The bulbs manufactured by a company gave a mean life of 3000 hours with standard

deviation of 400 hours. If a bulb is selected at random, what is the probability it will
have a mean life less than 2000 hours?
Question:
1) Calculate the probability.
2) In what situation does one need probability theory?

CASE STUDY: 1

The bulbs manufactured by a company gave a mean life of 3000 hours with standard
deviation of 400 hours. If a bulb is selected at random, what is the probability it will
have a mean life less than 2000 hours?
Question:
1) Calculate the probability.
2) In what situation does one need probability theory?
3) Define the concept of sample space, sample points and events in context of
probability theory.
4) What is the difference between objective and subjective probability?

Step 1: Calculate the z-score.

To calculate the probability, we first need to calculate the z-score using the formula:

z = (x - μ) / σ

where:
x = mean life we want to calculate the probability for (2000 hours)
μ = mean life of the bulbs (3000 hours)
σ = standard deviation of the bulbs (400 hours)

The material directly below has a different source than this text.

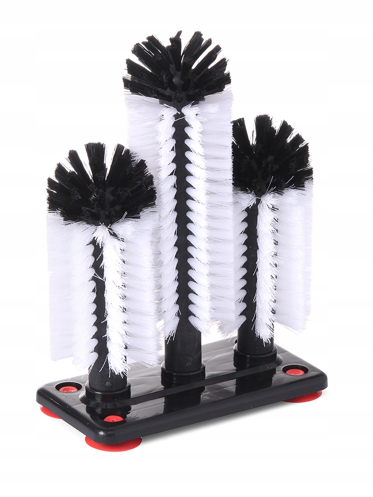 ✔ Trzy szczotki czyszczące – Włosie wykonane z wytrzymałego nylonu, zapewniające skuteczne usuwanie zabrudzeń i osadów z wnętrza i zewnętrznej powierzchni szklanek.

Plugging in the values, we get:

z = (2000 - 3000) / 400
z = -1

Step 2: Find the probability using the z-table.

Using the z-table, we can find the probability corresponding to the z-score. Since we want to find the probability of a mean life less than 2000 hours, we need to find the area under the curve to the left of the z-score (-1).

Looking up the z-score of -1 in the z-table, we find that the corresponding probability is 0.1587.

Step 3: Calculate the probability.

The probability of a bulb having a mean life less than 2000 hours is 0.1587, or 15.87%.

Answer to question 1: The probability is 0.1587 or 15.87%.

Answer to question 2: Probability theory is used in situations where there is uncertainty or randomness involved. It helps to predict and analyze the likelihood of certain events or outcomes occurring based on the available information. Probability theory is used widely in various fields such as mathematics, statistics, economics, finance, and physics, among others.

To calculate the probability of a random bulb having a mean life less than 2000 hours, we can use the concept of standardizing a normal distribution.

1) Calculate the probability:
First, let's standardize the value of 2000 hours using the formula:
z = (x - μ) / σ
where z is the standardized score, x is the value, μ is the mean, and σ is the standard deviation.

In this case, the mean (μ) is 3000 hours and the standard deviation (σ) is 400 hours. Therefore, plugging in the values:
z = (2000 - 3000) / 400
z = -1

Next, we need to find the probability of getting a z-score less than -1. We can refer to a standard normal distribution table or use statistical software to find this probability.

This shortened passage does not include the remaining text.